Michael B. Jordan and Zac Efron
It’s not that we have a problem with Jordan and Efron’s appearance at the Oscars — far from it. It’s just that we’re a bit confused why their Awkward Moment co-star Miles Teller’s name was left off the list. All three men are great on their own, but together, as a young, talented, good-looking trifecta? It’d be enough to make even the most boring parts of the Oscars worth watching. Maybe Teller’s too busy becoming a superstar to attend; is too late to ask if we can we volunteer in his place?
Jessica Biel
What would prompt the Academy to invite the actress, best known for not-exactly-Oscar-worthy movies like Valentine’s Day and I Now Pronounce You Chuck and Larry, to the event? Two words: Justin. Timberlake.
Benedict Cumberbatch
Cumberbatch, who appeared in four Oscar-nominated films including August: Osage County and 12 Years a Slave, probably doesn’t need a reason to make it onto the presenters list yet we can’t help but wonder if the Academy voters had another motive for adding the actor’s name; perhaps they have Tumblr accounts, too.
John Travolta
Please, oh please, let Travolta’s appearance at the Oscars be cover for a surprise duet of beloved Christmas standard “I Think You Might Like It” with Olivia Newton-John. Yes, the actress isn’t set to appear at the show, and yeah, it’s not December, but do we really need a reason to wish that the duo would re-enact their viral video on the Oscar stage?
Kim Novak
This one is pretty baffling.
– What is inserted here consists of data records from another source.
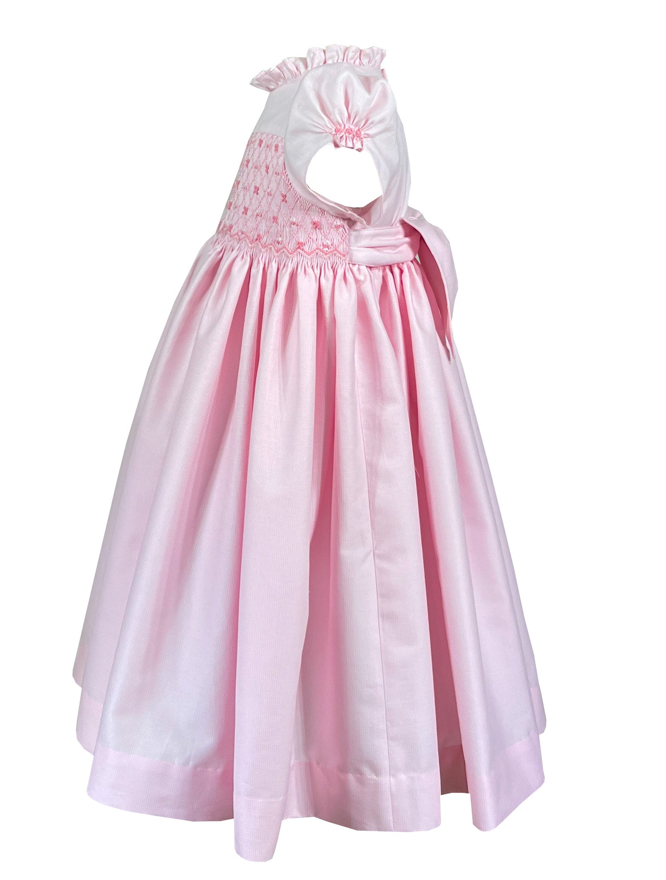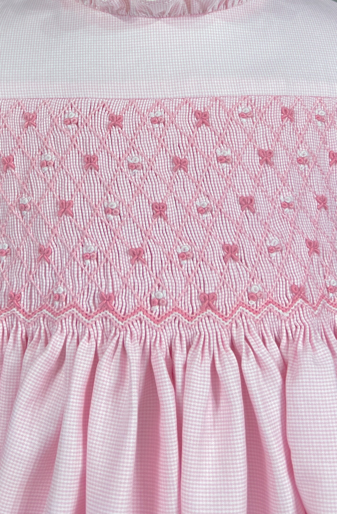 The bodice showcases exquisite hand smocking adorned with miniature embroidered bows and rosebud in coordinating tones, each one meticulously stitched to create a garden of ribbons across the chest. These add dimensional texture and whimsical charm to the classic smocked silhouette.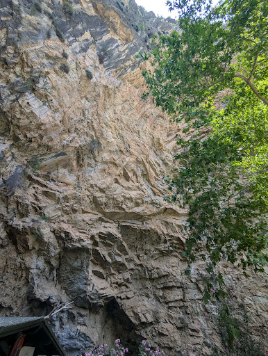 Once we boarded the boat (about 10 people per ride), we entered a truly magical underground world. Some rock formations looked like stalactites, and in one section, a natural stone bridge crosses the cave above the water. At the end of the route, we saw white mineral deposits flowing down the rock face – very similar to a miniature Pamukkale. These are likely travertine formations, created by calcium-rich water depositing over time.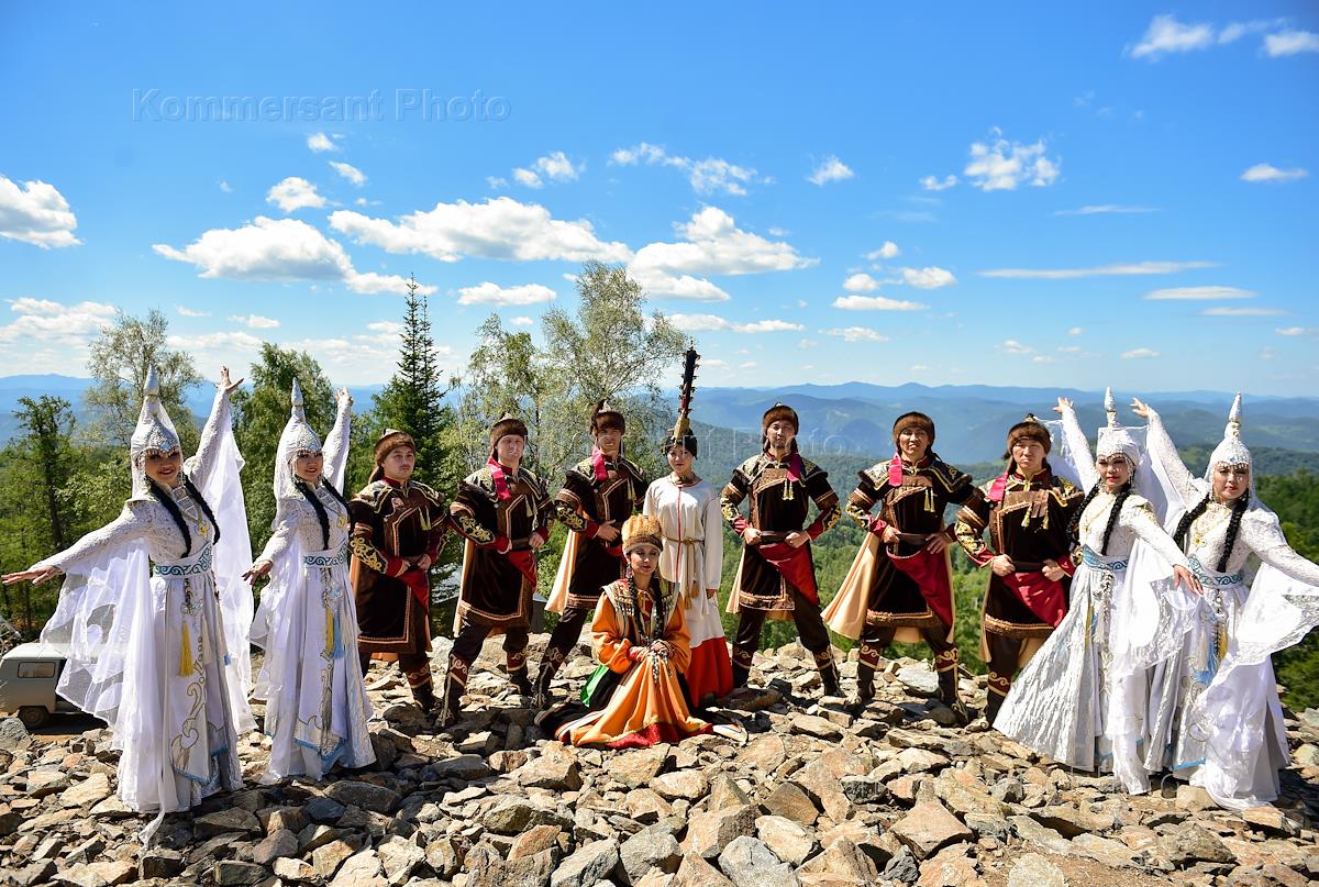 Работа всесезонного курорта "Манжерок" в Майминском районе. Жанровая фотография. Выступление фольклорного ансамбля в тематическом парке "Хранитель Алтая".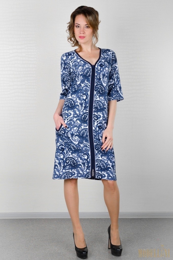 Описание: Классический халат прямого силуэта выполнен на молнии, с карманами, рукавами 3/4 длины, с окантовой контрастного цвета. Удобный вариант для повседневного пользования, так как изготовлен из трикотажного полотна содержанием 80% хлопка - петельчатой махры - новая расцветка цветы+полоска

Unless the Oscars are going for a Hitchcock angle (which would help explain Hitchcock star Jessica Biel’s appearance), Novak’s presence has no real explanation. Still, it’s not totally out of the blue; in May, the Vertigo star was named the Cannes Film Festival’s guest of honor, and a year before that, she cemented her footprints at the Grauman’s Chinese Theater. Who knew we were all so filled with Kim Novak nostalgia?
Jim Carrey
Carrey’s appearance at the Oscars would be stranger if the actor hadn’t just recently pissed off Shia LaBeouf at the Golden Globes. Everyone knows that LaBeouf jokes are trendy right now; by bringing in one of his main antagonists, the Oscar producers might be hoping for an ratings boost — or at least a few good jokes aimed at the attention-hungry actor.